* [Exercise prompt]:
Every line of the listing must be reproduced as it stands. Leave the images behind.

* [Data segment]:
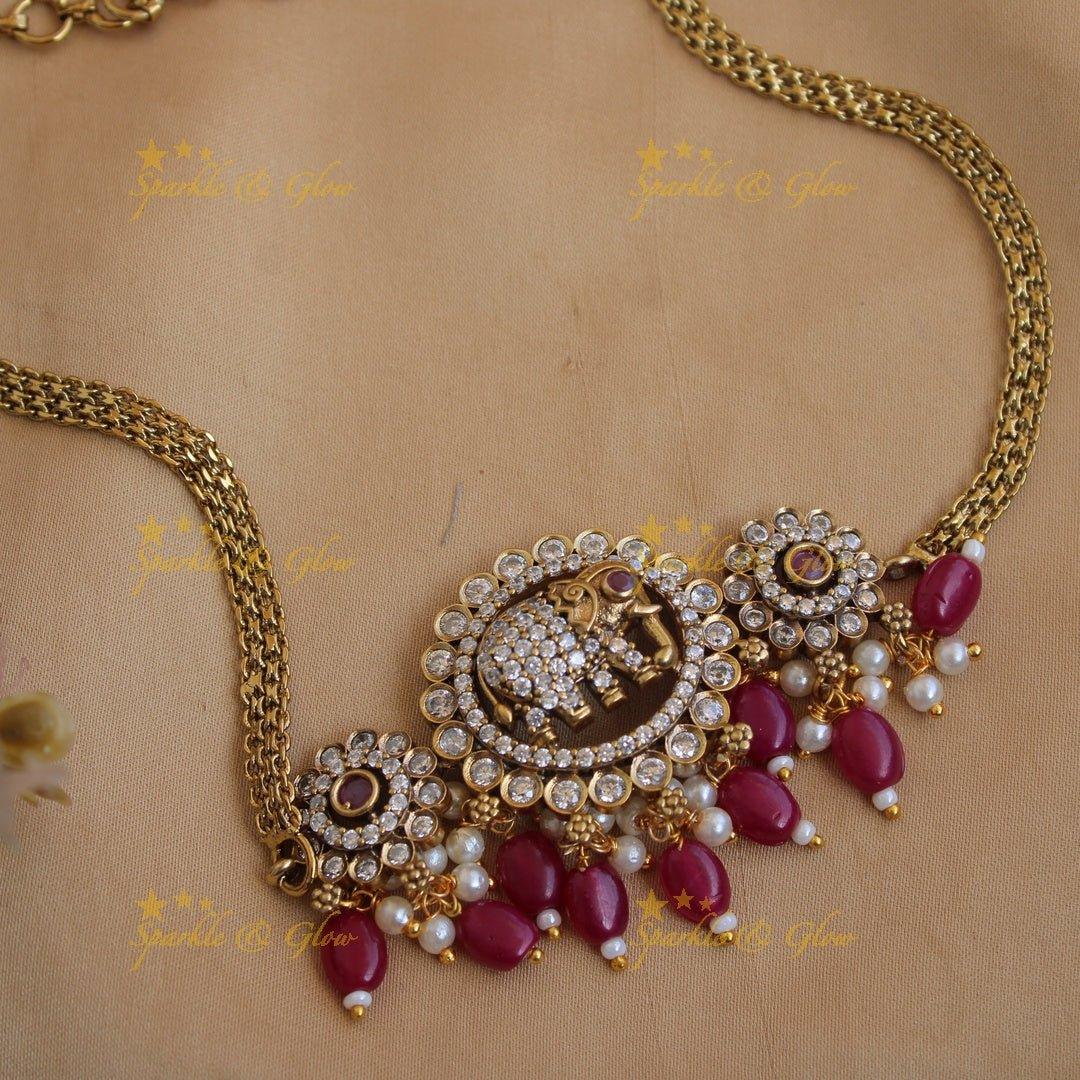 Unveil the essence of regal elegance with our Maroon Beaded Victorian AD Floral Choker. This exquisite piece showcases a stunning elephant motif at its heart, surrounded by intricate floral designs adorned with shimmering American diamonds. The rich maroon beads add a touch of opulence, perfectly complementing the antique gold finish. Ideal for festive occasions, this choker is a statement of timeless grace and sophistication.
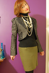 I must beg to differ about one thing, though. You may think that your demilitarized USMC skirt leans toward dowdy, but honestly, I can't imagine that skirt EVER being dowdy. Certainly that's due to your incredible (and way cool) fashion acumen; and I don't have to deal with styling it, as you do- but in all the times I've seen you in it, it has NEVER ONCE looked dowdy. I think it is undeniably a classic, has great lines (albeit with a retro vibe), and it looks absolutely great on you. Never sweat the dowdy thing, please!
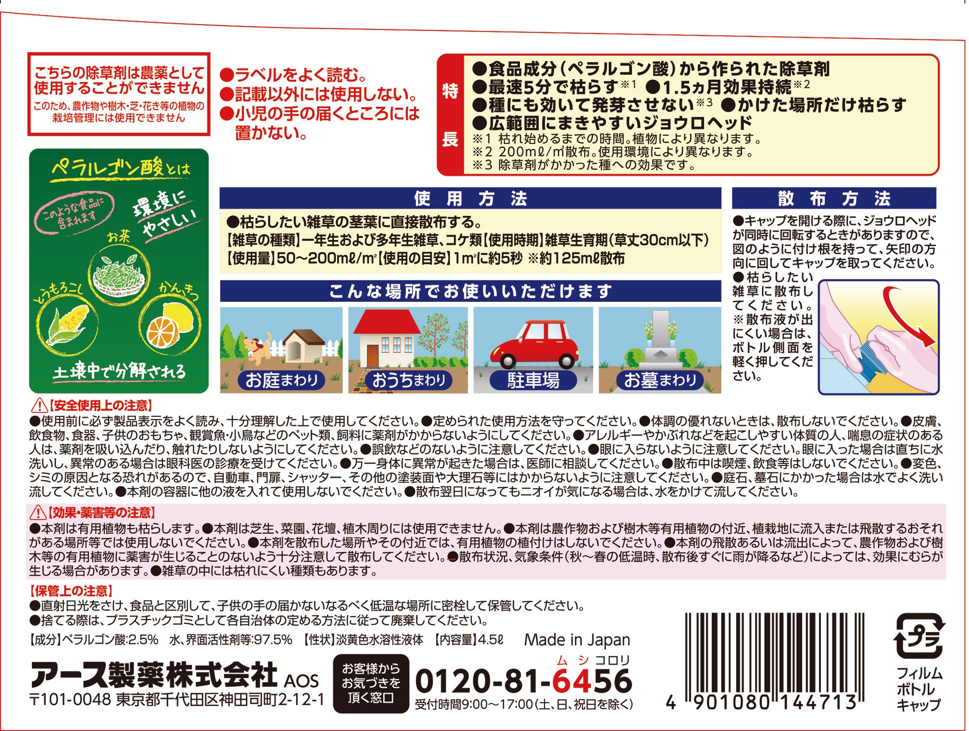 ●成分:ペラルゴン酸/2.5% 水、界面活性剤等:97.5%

* [Finished exercise]:
 Unveil the essence of regal elegance with our Maroon Beaded Victorian AD Floral Choker. This exquisite piece showcases a stunning elephant motif at its heart, surrounded by intricate floral designs adorned with shimmering American diamonds. The rich maroon beads add a touch of opulence, perfectly complementing the antique gold finish. Ideal for festive occasions, this choker is a statement of timeless grace and sophistication.
 I must beg to differ about one thing, though. You may think that your demilitarized USMC skirt leans toward dowdy, but honestly, I can't imagine that skirt EVER being dowdy. Certainly that's due to your incredible (and way cool) fashion acumen; and I don't have to deal with styling it, as you do- but in all the times I've seen you in it, it has NEVER ONCE looked dowdy. I think it is undeniably a classic, has great lines (albeit with a retro vibe), and it looks absolutely great on you. Never sweat the dowdy thing, please!
 ●成分:ペラルゴン酸/2.5% 水、界面活性剤等:97.5%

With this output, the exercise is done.